Data for analysis:
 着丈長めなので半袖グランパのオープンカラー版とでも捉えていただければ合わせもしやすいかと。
---
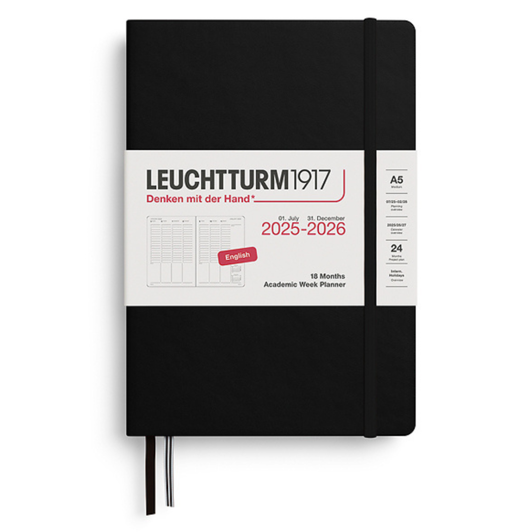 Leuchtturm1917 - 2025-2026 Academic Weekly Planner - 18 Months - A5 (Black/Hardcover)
* * *
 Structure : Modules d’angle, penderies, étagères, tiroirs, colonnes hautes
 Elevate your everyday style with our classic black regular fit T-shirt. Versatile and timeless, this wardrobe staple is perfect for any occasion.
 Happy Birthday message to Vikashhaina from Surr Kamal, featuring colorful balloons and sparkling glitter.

Work to be completed:
Look above for the line with "Elevate your everyday" and the line with "Happy Birthday message", and reproduce exactly those two lines plus every line between, nothing more.

Solution for this exercise:
 Elevate your everyday style with our classic black regular fit T-shirt. Versatile and timeless, this wardrobe staple is perfect for any occasion.
 Happy Birthday message to Vikashhaina from Surr Kamal, featuring colorful balloons and sparkling glitter.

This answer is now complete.